__Source data__:
--- --- ---
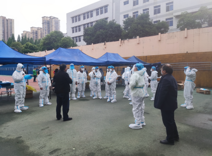 5月12日晚8:00,在接到学校关于征集金花校区和家属区核酸检测教工志愿者的任务后,学院党委第一时间向全体教工党支部发出号召,学院教工闻令而动,仅一个小时,由28名教工组成的先锋队迅速组建,多名非党员教师也主动加入其中。
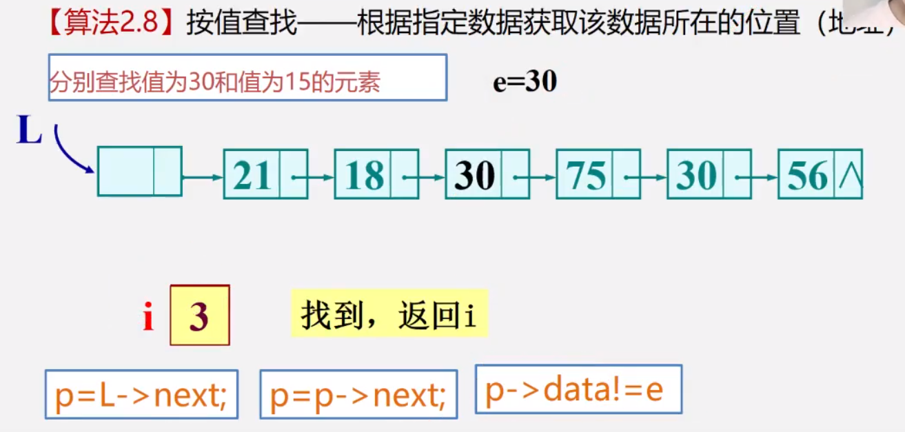 {Lnode* p;p = L->next; //从首元结点开始找while((e != p->data)&&(p != NULL)){ p = p->next;}return p; //若找不到,就意味着p为NULL,此时返回NULL。找到了,返回的p就是数据所在地址
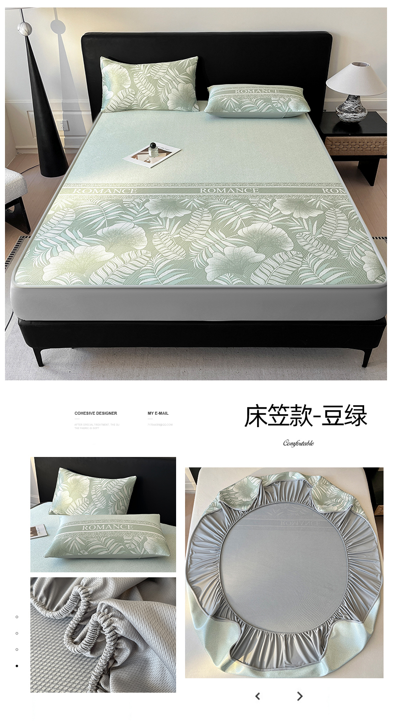 商品名称:席佬大 2026新款印花冰丝凉席席子 床笠款-豆绿
--- --- ---
__Required action__: Everything in the material above must be repeated exactly, apart from its pictures.

__Solved problem__:
 5月12日晚8:00,在接到学校关于征集金花校区和家属区核酸检测教工志愿者的任务后,学院党委第一时间向全体教工党支部发出号召,学院教工闻令而动,仅一个小时,由28名教工组成的先锋队迅速组建,多名非党员教师也主动加入其中。
 {Lnode* p;p = L->next; //从首元结点开始找while((e != p->data)&&(p != NULL)){ p = p->next;}return p; //若找不到,就意味着p为NULL,此时返回NULL。找到了,返回的p就是数据所在地址
 商品名称:席佬大 2026新款印花冰丝凉席席子 床笠款-豆绿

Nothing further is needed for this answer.